Ebola: Impossible Choices Leave Nurses in Tears

After caring for Thomas Eric Duncan, the only American to die from Ebola, many nurses at the Dallas hospital ended up sleeping at the facility for three weeks. They were afraid to go home and risk infecting their children. Ebola has forced healthcare workers to make difficult choices. On the one hand, doctors and nurses swear an oath to care for the sick. On the other, fear for themselves and their families strikes deep. Ebola presents a real dilemma that has literally brought some nurses to tears.

ebolaPandemics are all about the likelihood of infection and the number of chances to infect. Fortunately, in the case of Ebola, the likelihood of infection is relatively low. Our best available data suggests that the virus requires contact with bodily fluids, particularly when the patient has become truly ill. Although the early fever-only stage is troublesome, it’s only later, when the patient is visibly sick, that the number of viral particles increases and the chance for infection becomes a real concern. If sick patients could be isolated, the pandemic would quickly end. Patients would either recover or (unfortunately) pass, but either way, any further infections would end. With these factors in mind, here are some considerations for our healthcare providers and for individuals.

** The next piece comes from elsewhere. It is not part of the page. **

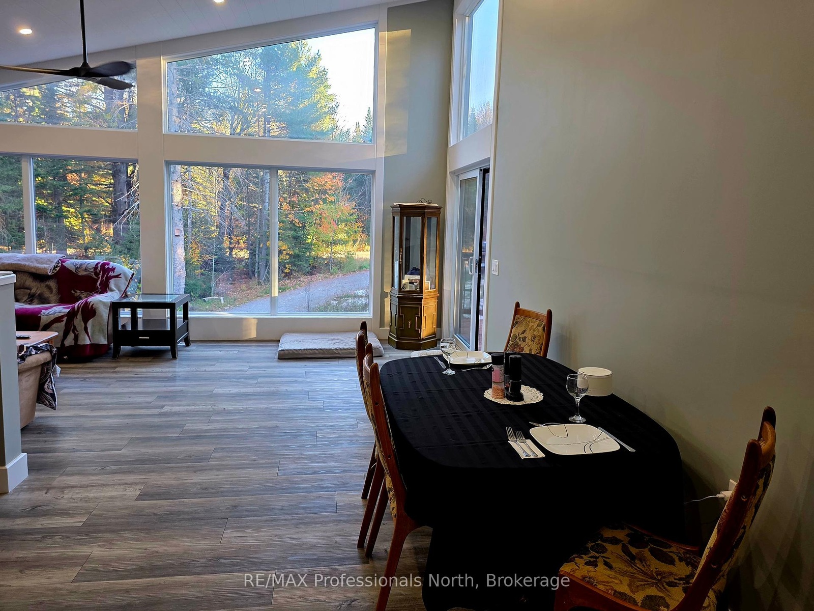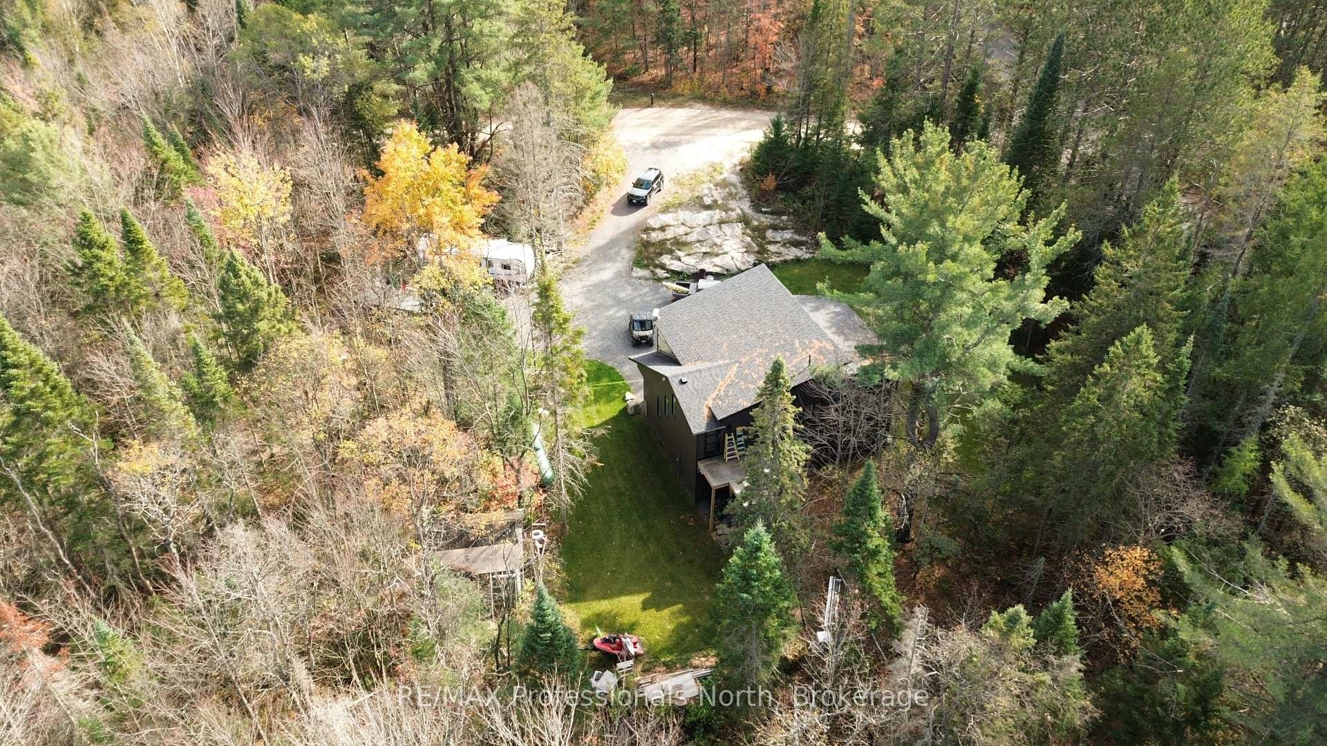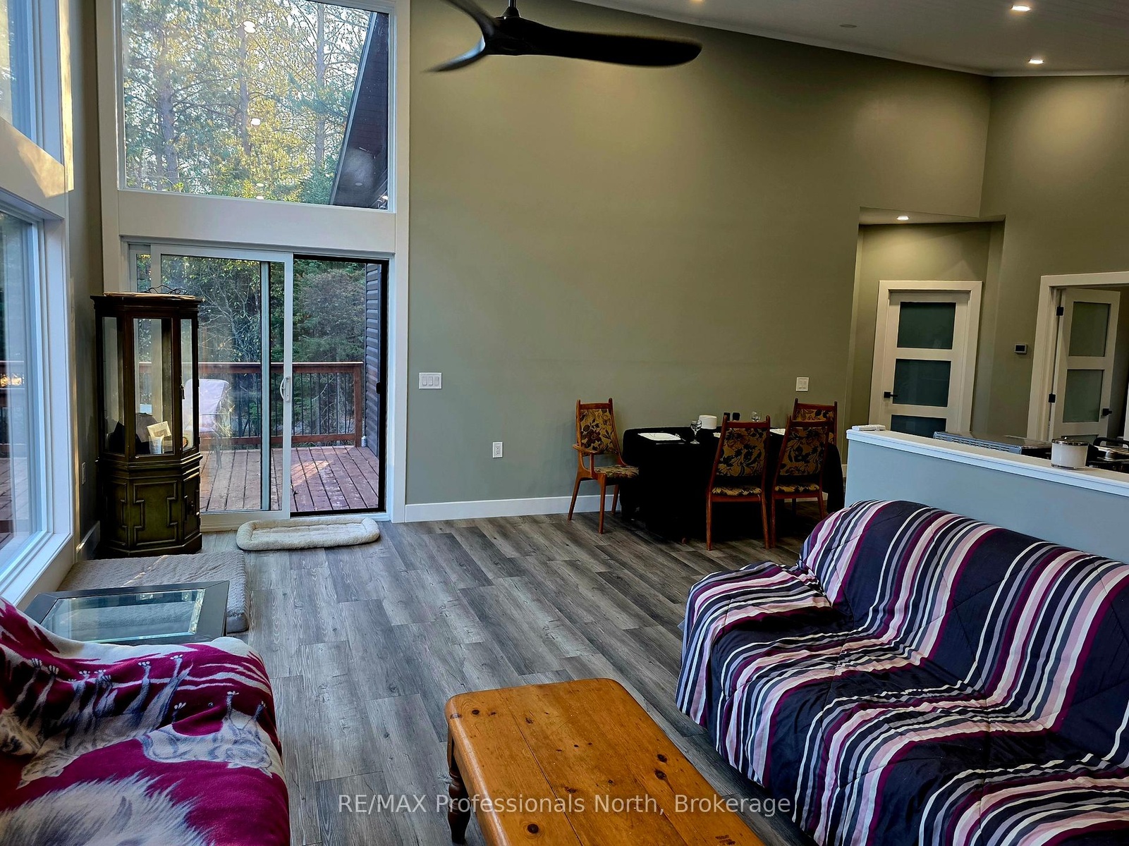Built in 2023, this beautifully crafted home blends contemporary design with the peaceful charm of a forest setting. Nestled among the trees on a private one-acre lot, it offers the perfect balance of comfort, style, and practicality just 30 minutes from Huntsville. Step inside to an inviting open-concept living space featuring soaring cathedral ceilings, energy-efficient pot lighting, and large windows that frame tranquil views of nature. The kitchen is a chefs dream, equipped with a professional Wolf range and generous counter space for entertaining or everyday cooking. With two spacious bedrooms and two full bathrooms, each with its own large walk-in shower, the layout combines functionality with luxury. An extra-wide staircase easily accommodates a chair-lift, ensuring accessibility for all. The home's thoughtful features continue with a huge three-car garage, complete with in-floor heating, battery-backup garage door openers that can be operated remotely, and a full Generac generator for peace of mind. The main living level is warmed by efficient forced-air heating and air conditioning can be easily added for year-round comfort. Enjoy morning coffee or evening sunsets from the expansive decks at both the front and rear, surrounded by the quiet beauty of the forest. If you've been searching for a modern, energy-smart home with privacy, practicality, and just the right touch of luxury - this one checks every box.

  1. For the average American: Relax, this is a disease of healthcare providers. The chance of the average person coming into contact with an Ebola patient is vanishingly small. As noted by others, more Americans have been married to Kim Kardashian than have died from Ebola. Do you worry about being hit by lighting (twenty-three deaths last year)[1] , or dying from the flu (thousands die every year)? If not, you probably shouldn’t worry about Ebola. However, and this is generally true, if you are sick, you should probably limit your contact with others. And if you are sick with a high fever for several days in a row, contact a healthcare professional.
  2. For healthcare workers: Ebola is a disease that affects care-givers more than it does patients, and while healthcare providers have a responsibility to care for the sick, healthcare organizations also have an equal responsibility to care for their doctors, nurses and other workers. Considering that hospitals are small cities with people constantly coming and going, thus increasing the chances for transmission of disease, we should limit the number of people caring for the sick. In the case of the many nurses caring for the patient in Dallas, ideally there would have been just one person, supported by experts at a distance.
  3. Technology: I spend a lot of time thinking about telemedicine and care coordination. This is a perfect opportunity to put the technology to use. Traditionally, access to care is limited by distance. In this case, access should be limited by the risk to providers. Telemedicine has reached a point that it can offer more than simply video. It can be a tool for care coordination over cell phones and other available devices.
  4. Find a cure: This seems self-evident, and governments are working on vaccines and other drugs to limit the infection. I mention this now because there are still millions of people who refuse to get vaccinated for all sorts of diseases that are worse than Ebola.
  5. Get the right person to care for Ebola patients: The best person would be an individual immune to Ebola—an Ebola survivor. Ebola survivors, of whom there are thousands, could be quickly trained to be medical assistants, working with patients but assisted by remote specialists. This could help stem the tide in Africa, but there are still logistical issues for America.
  6. Monitor but don’t close the border: Closing the border will only lead to desperate measures. Imagine what you would do if you thought the US was the only place to save your loved one. We need people to disclose when they are worried, not hide their concerns.

Unfortunately, after thousands of deaths in West Africa, Ebola will almost certainly fade back into the shadows. This pandemic is an opportunity to think more broadly about how our healthcare system responds to infectious diseases. We can do a better job, but it will take original thinking about how we care for the sick . . . and more concern for the healthcare workers we put on the front lines.